Das Projekt hat folgende Geschichte: Die in England populäre Schauspielerin Joanna Lumley, eine gute Freundin von Prinz Charles, hatte 1998 die Idee für diese Brücke als Denkmal für die verstorbene Lady Diana. Erst 2012 griff der damalige Bürgermeister von London, dessen Familie bereits seit seinem vierten Lebensjahr mit der Schauspielerin befreundet war, die Idee auf. Es wurde ein „Garden Bridge Trust“ gebildet. Die Anwohner wurden nicht groß gefragt, sondern vor vollendete Tatsachen gestellt: Man macht das jetzt, basta. Trotz vieler Proteste wurde sofort Geld für die Planung und Umsetzung eingesetzt.

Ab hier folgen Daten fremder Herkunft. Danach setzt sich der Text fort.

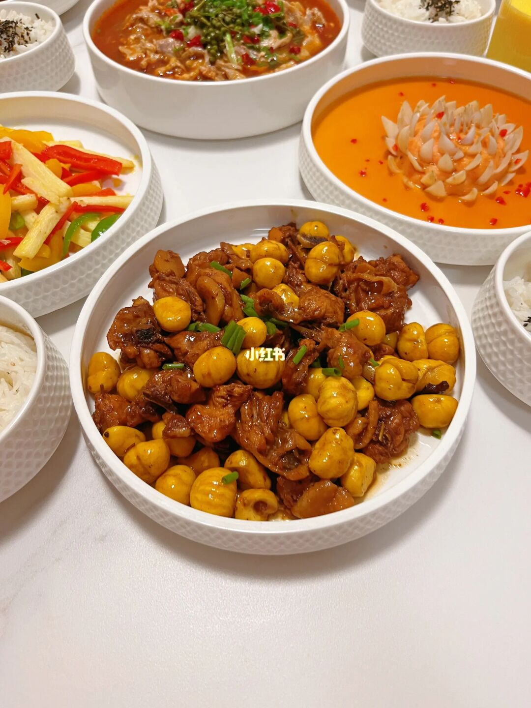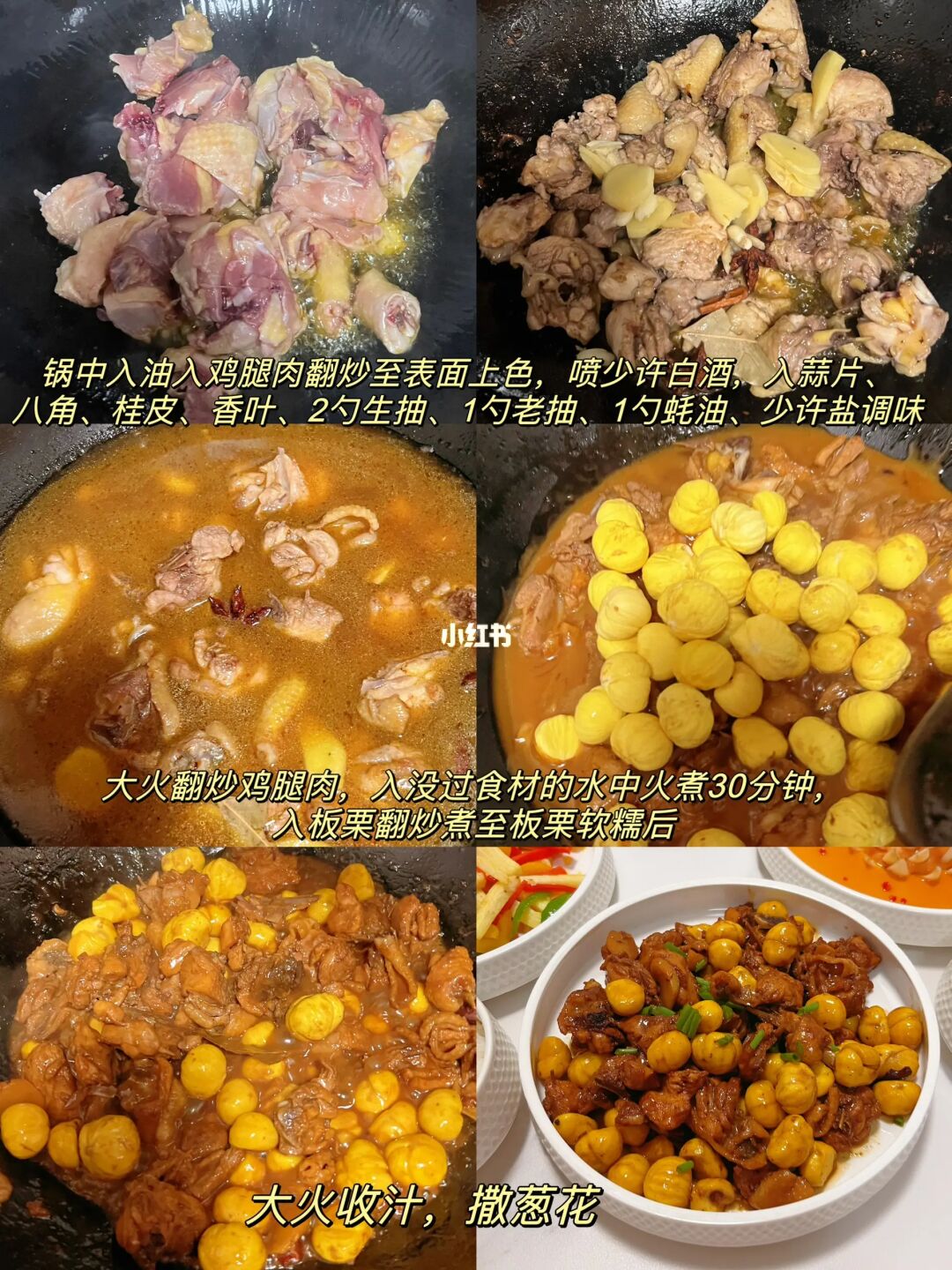 锅中入油入鸡腿肉翻炒至表面上色,喷少许白酒,入蒜片、八角、桂皮、香叶、2勺生抽、1勺老抽、1勺蚝油、少许盐调味,大火翻炒鸡腿肉,入没过食材的水中火煮30分钟,入板栗翻炒煮至板栗软糯后,大火收汁,撒葱花~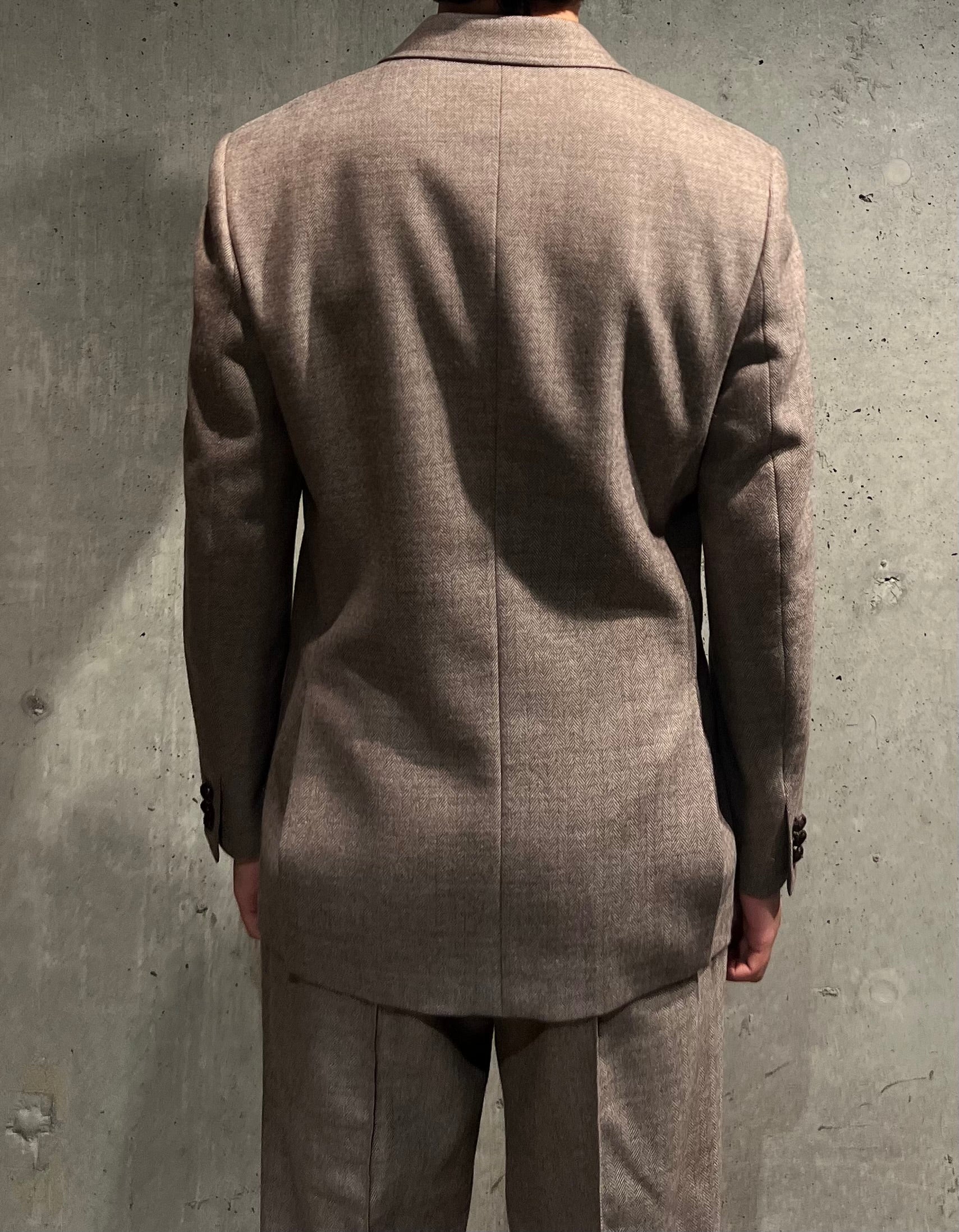 アルパカ混のサキソニー生地が採用されたダブルブレストジャケットです。ウールの中でも最高級のメリノウールを使用し、縮絨加工後に起毛処理をすることで艶やかで程よいハリがありながらも着心地の良い柔らかな仕上がりになっています。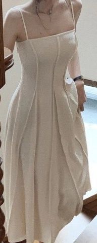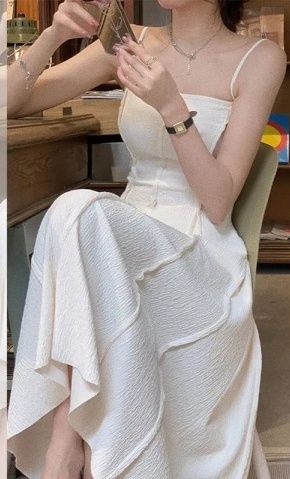 華奢な細紐のキャミソールデザインに、エレガントなオフショルダーの袖を組み合わせた白ワンピースです。

Es gab natürlich viel zu prüfen und zu begutachten, aber Gründe und Bedenken gegen den Bau wurden schnell abgebügelt, ein Kriterienkatalog wurde willkürlich so verkürzt, daß man einfach weiter machen konnte, und als klar war, daß der amtierende Bürgermeister die nächste Wahl wohl nicht gewinnen würde, pumpte man schnell nochmal 9 Millionen Pfund in das Projekt, um es dem Nachfolger schwer zu machen, es aufzugeben. Und so war es dann auch erst: Sadiq Khan, der neue Bürgermeister, war der Meinung, man habe nun schon so viel Geld dafür ausgegeben, wahrscheinlich sei es billiger, die Brücke zu bauen, als alles abzublasen. Glücklicherweise war er so klug, eine Studie in Auftrag zu geben, und das Resultat war: Insgesamt würde die „Garden Bridge“ 200 Millionen Pfund (ca. 218 Mio Euro) kosten. Damit war das Projekt gestorben.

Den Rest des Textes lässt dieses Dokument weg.